§ **ABOUT THIS EXERCISE**:
Please set down only the lines below starting with the line with "When I die, there'll be one child born. When" and going on through the line with "Alanya Esnaf ve", verbatim and without pictures.

§ **EXERCISE MATERIAL**:
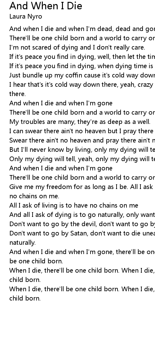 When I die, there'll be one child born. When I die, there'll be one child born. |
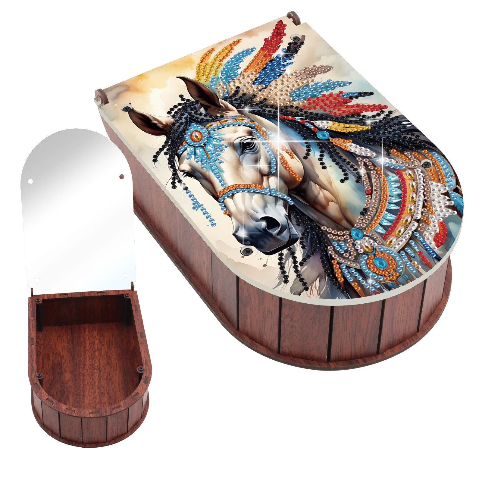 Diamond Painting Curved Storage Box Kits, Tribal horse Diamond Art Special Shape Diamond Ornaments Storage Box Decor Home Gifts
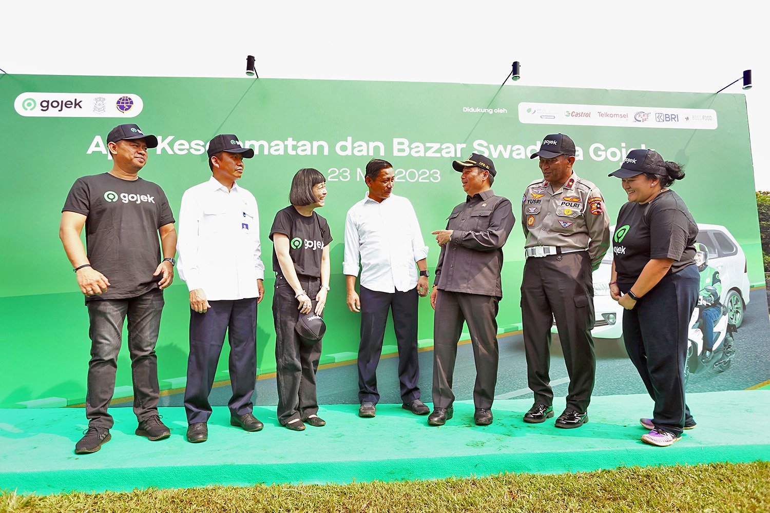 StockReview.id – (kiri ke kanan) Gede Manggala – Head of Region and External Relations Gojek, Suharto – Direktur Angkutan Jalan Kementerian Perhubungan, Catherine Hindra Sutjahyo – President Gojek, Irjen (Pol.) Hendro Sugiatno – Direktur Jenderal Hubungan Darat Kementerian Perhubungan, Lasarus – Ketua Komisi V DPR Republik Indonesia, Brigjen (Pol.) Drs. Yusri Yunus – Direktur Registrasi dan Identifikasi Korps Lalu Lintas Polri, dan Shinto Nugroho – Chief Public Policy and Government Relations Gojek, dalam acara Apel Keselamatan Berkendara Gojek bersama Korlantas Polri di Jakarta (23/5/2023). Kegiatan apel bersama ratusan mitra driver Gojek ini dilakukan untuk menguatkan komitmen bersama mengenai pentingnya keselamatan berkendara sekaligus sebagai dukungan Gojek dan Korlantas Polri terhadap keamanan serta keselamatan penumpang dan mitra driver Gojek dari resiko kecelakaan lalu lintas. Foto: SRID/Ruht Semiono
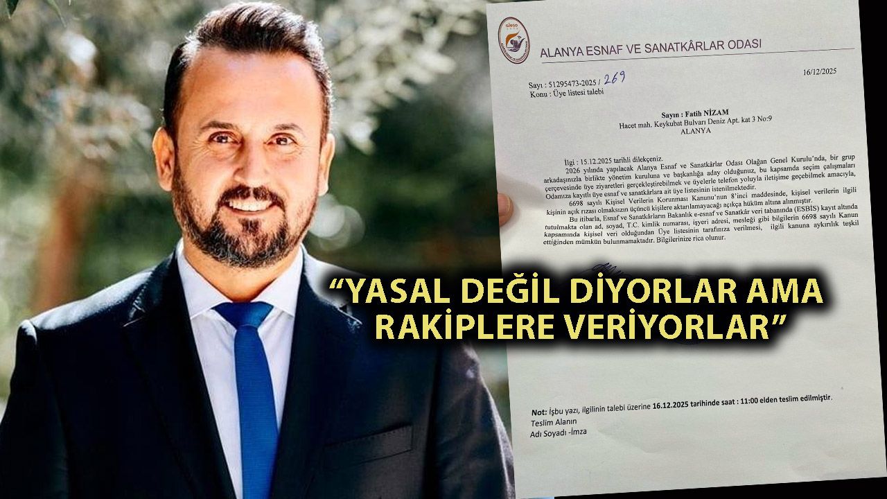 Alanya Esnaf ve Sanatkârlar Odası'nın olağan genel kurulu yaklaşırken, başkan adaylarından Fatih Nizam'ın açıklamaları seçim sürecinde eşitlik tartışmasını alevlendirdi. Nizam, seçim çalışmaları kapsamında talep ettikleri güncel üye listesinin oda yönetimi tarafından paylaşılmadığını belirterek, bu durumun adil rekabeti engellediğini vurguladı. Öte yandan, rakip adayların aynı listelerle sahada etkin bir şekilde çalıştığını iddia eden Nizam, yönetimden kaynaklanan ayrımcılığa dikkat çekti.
...
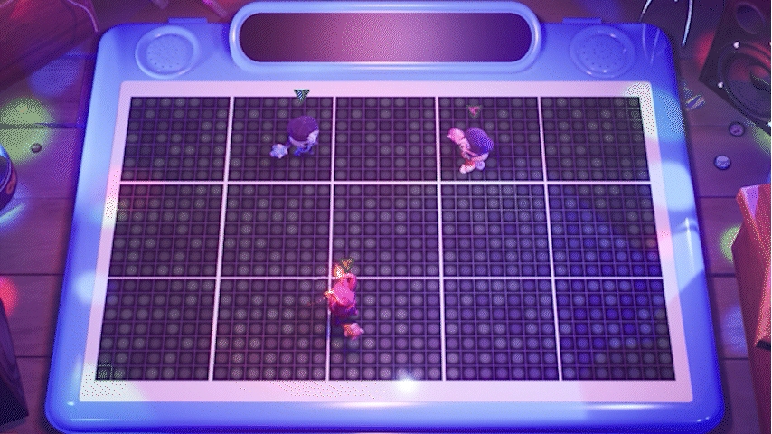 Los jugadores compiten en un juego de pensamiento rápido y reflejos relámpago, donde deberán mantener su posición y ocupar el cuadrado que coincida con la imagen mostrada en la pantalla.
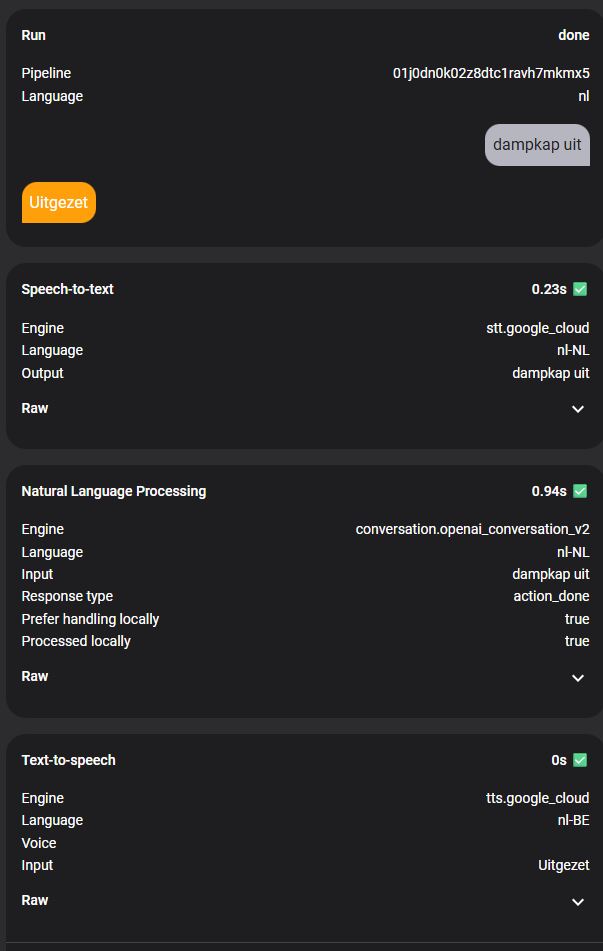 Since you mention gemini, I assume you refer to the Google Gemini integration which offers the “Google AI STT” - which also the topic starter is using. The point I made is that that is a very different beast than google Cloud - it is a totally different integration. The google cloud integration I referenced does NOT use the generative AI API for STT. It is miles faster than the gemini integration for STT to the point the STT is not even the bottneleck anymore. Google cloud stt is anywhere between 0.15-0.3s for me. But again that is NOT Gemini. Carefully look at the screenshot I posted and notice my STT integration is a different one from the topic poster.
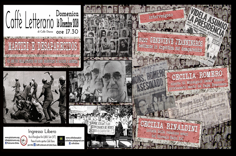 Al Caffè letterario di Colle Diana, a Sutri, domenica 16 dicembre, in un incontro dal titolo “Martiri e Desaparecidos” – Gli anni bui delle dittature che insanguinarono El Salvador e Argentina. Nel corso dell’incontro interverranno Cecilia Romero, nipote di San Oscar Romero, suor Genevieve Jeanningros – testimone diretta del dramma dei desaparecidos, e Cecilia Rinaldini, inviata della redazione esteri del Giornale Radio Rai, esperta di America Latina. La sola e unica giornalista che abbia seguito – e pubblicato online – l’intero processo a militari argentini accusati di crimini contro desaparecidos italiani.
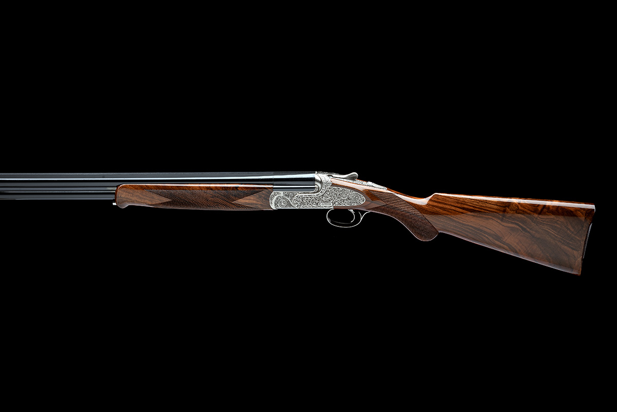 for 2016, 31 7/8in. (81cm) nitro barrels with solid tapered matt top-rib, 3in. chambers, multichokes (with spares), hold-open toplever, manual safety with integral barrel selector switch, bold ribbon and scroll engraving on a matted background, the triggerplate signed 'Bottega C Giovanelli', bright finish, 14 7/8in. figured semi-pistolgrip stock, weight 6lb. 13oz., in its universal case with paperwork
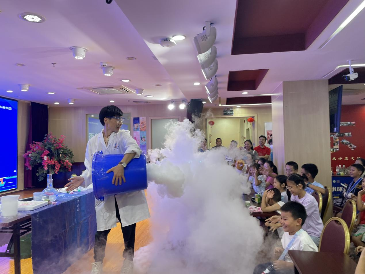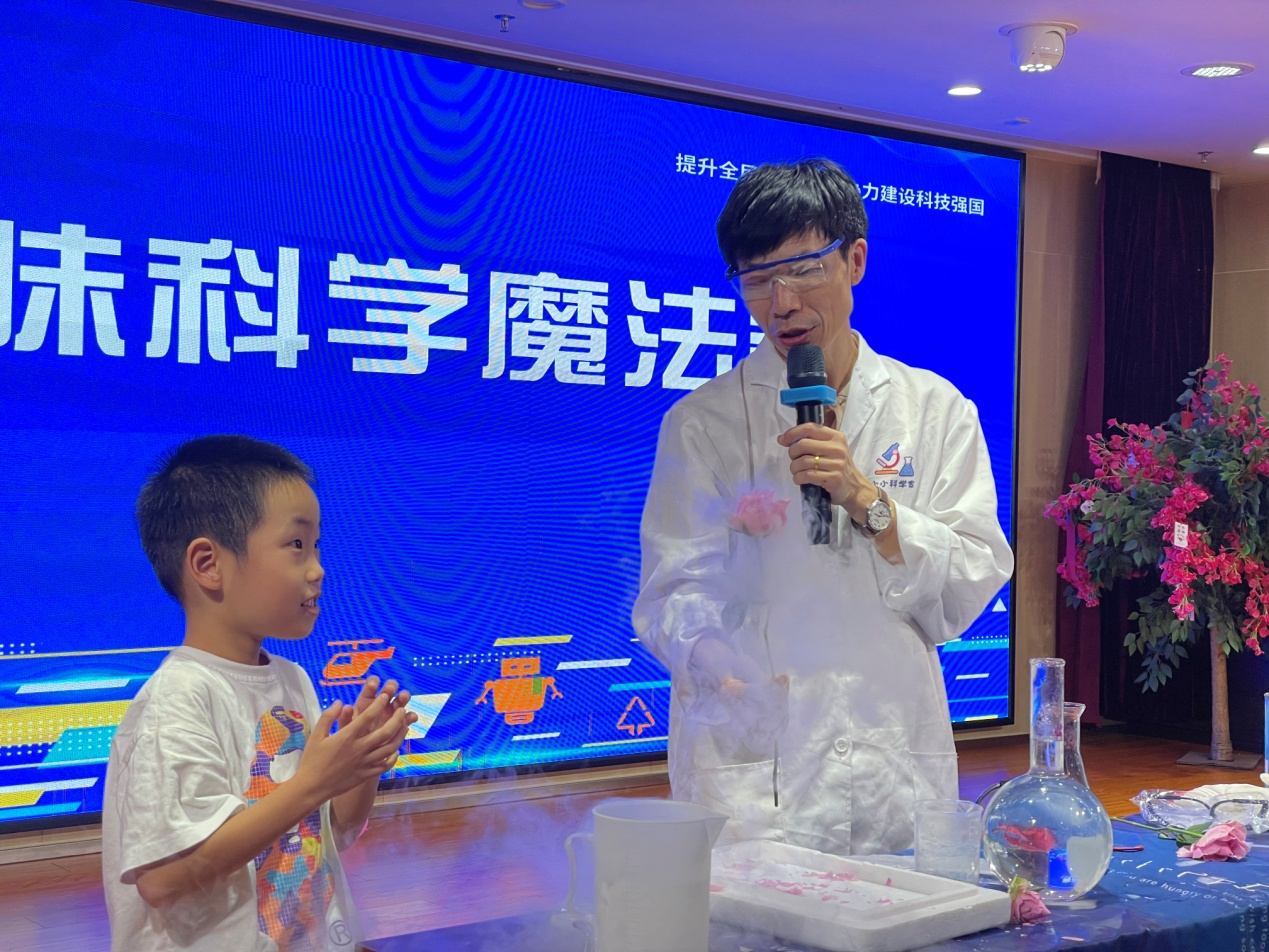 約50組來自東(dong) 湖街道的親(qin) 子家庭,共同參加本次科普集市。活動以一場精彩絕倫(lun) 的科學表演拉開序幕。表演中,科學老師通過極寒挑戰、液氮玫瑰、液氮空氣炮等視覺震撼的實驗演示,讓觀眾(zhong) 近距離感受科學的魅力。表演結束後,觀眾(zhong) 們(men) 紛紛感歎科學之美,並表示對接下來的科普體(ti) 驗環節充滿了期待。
...
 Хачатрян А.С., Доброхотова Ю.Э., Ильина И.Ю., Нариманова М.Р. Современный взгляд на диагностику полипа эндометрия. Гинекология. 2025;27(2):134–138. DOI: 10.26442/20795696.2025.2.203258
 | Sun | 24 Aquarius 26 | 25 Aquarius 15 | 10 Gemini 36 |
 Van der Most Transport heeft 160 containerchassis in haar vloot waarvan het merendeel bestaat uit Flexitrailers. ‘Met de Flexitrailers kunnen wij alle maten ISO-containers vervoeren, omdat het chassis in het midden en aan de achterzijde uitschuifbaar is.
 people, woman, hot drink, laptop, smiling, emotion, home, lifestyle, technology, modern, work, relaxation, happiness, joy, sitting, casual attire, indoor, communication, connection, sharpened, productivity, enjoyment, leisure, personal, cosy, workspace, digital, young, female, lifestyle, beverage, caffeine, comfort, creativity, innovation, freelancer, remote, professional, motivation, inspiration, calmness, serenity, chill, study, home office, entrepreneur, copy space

§ **ANSWER AREA**:
 When I die, there'll be one child born. When I die, there'll be one child born. |
 Diamond Painting Curved Storage Box Kits, Tribal horse Diamond Art Special Shape Diamond Ornaments Storage Box Decor Home Gifts
 StockReview.id – (kiri ke kanan) Gede Manggala – Head of Region and External Relations Gojek, Suharto – Direktur Angkutan Jalan Kementerian Perhubungan, Catherine Hindra Sutjahyo – President Gojek, Irjen (Pol.) Hendro Sugiatno – Direktur Jenderal Hubungan Darat Kementerian Perhubungan, Lasarus – Ketua Komisi V DPR Republik Indonesia, Brigjen (Pol.) Drs. Yusri Yunus – Direktur Registrasi dan Identifikasi Korps Lalu Lintas Polri, dan Shinto Nugroho – Chief Public Policy and Government Relations Gojek, dalam acara Apel Keselamatan Berkendara Gojek bersama Korlantas Polri di Jakarta (23/5/2023). Kegiatan apel bersama ratusan mitra driver Gojek ini dilakukan untuk menguatkan komitmen bersama mengenai pentingnya keselamatan berkendara sekaligus sebagai dukungan Gojek dan Korlantas Polri terhadap keamanan serta keselamatan penumpang dan mitra driver Gojek dari resiko kecelakaan lalu lintas. Foto: SRID/Ruht Semiono
 Alanya Esnaf ve Sanatkârlar Odası'nın olağan genel kurulu yaklaşırken, başkan adaylarından Fatih Nizam'ın açıklamaları seçim sürecinde eşitlik tartışmasını alevlendirdi. Nizam, seçim çalışmaları kapsamında talep ettikleri güncel üye listesinin oda yönetimi tarafından paylaşılmadığını belirterek, bu durumun adil rekabeti engellediğini vurguladı. Öte yandan, rakip adayların aynı listelerle sahada etkin bir şekilde çalıştığını iddia eden Nizam, yönetimden kaynaklanan ayrımcılığa dikkat çekti.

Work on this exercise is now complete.